GM officials came under attack at a Senate hearing Thursday from lawmakers who accused them of "gross negligence" that contributed to at least 13 deaths linked to defective General Motors cars.
While Mary Barra, the embattled chief executive of America's largest automaker, returned for another congressional grilling, the man GM hired to determine the compensation for crash victims made his first appearance on Capitol Hill.
Compensation expert Ken Feinberg, who has said GM would offer at least $1 million for each death linked to faulty ignition switches in GM cars, assured lawmakers that the compensation fund had no limits.
"We are authorized to pay as much money as is required," Feinberg told a Senate panel.

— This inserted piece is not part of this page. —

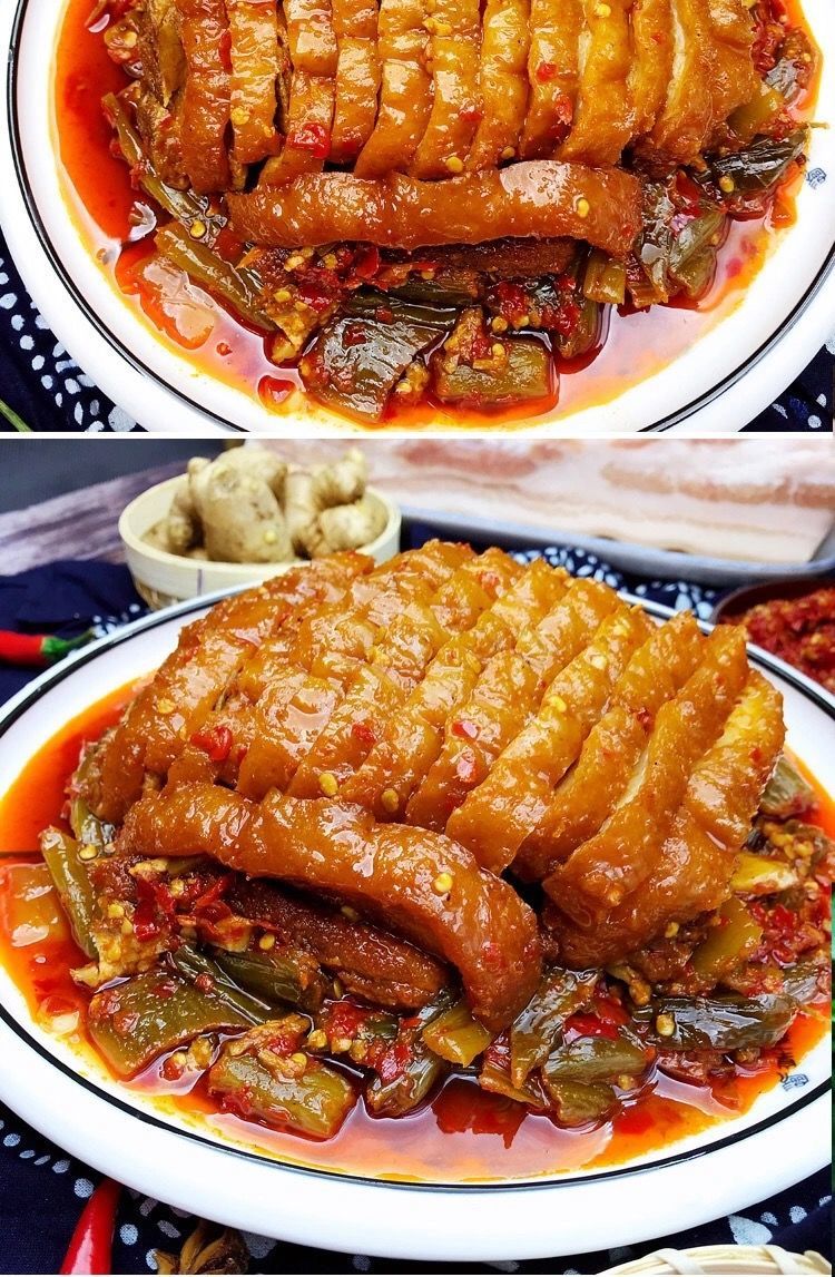 起鍋時(shí)倒扣盤(pán)里,肉皮彈牙似果凍,肥肉透亮不膩,菜干吸飽肉汁,

As lawmakers praised Feinberg's independent work, they blasted Barra and GM chief counsel Michael Millikin for the company's "culture of diffused responsibility" that prevented or shielded key executives from knowing about the years-long problem.
Lawmakers are investigating the company's recall of 2.6 million cars that began only last February, 11 years after the company discovered ignition switch problems related to dozens of accidents and at least 13 deaths.
GM, which also is under federal investigation for the delayed recall, has been slapped with a $35 million fine and is facing potentially billions of dollars in compensation costs.
Senator Claire McCaskill, chair of the Commerce, Science and Transportation Subcommittee, pointed to a series of "tragic management failures at General Motors," as well as years of legal obfuscation that showed "indifference, incompetence and deceit" in one of the most serious safety crises in the company's history.
"It is very clear that the culture of lawyering up and Whac-A-Mole (at the Detroit manufacturer) killed innocent customers of General Motors," McCaskill said.
She expressed incredulity that despite at least four separate internal warnings beginning in 2010 that GM could face punitive damages over its ignition switches, Millikin knew nothing about the issue until the recalls were announced this year.
No pre-2014 filing was made to the Securities and Exchange Commission, nor was GM's board of directors informed of the issue until this year, Millikin said.
"This is either gross negligence or gross incompetence," McCaskill boomed.
- 'People died' -
An exhaustive and damning internal GM report found major shortcomings in the legal department, which has been accused of fighting lawsuits by accident victims in connection with the defective cars.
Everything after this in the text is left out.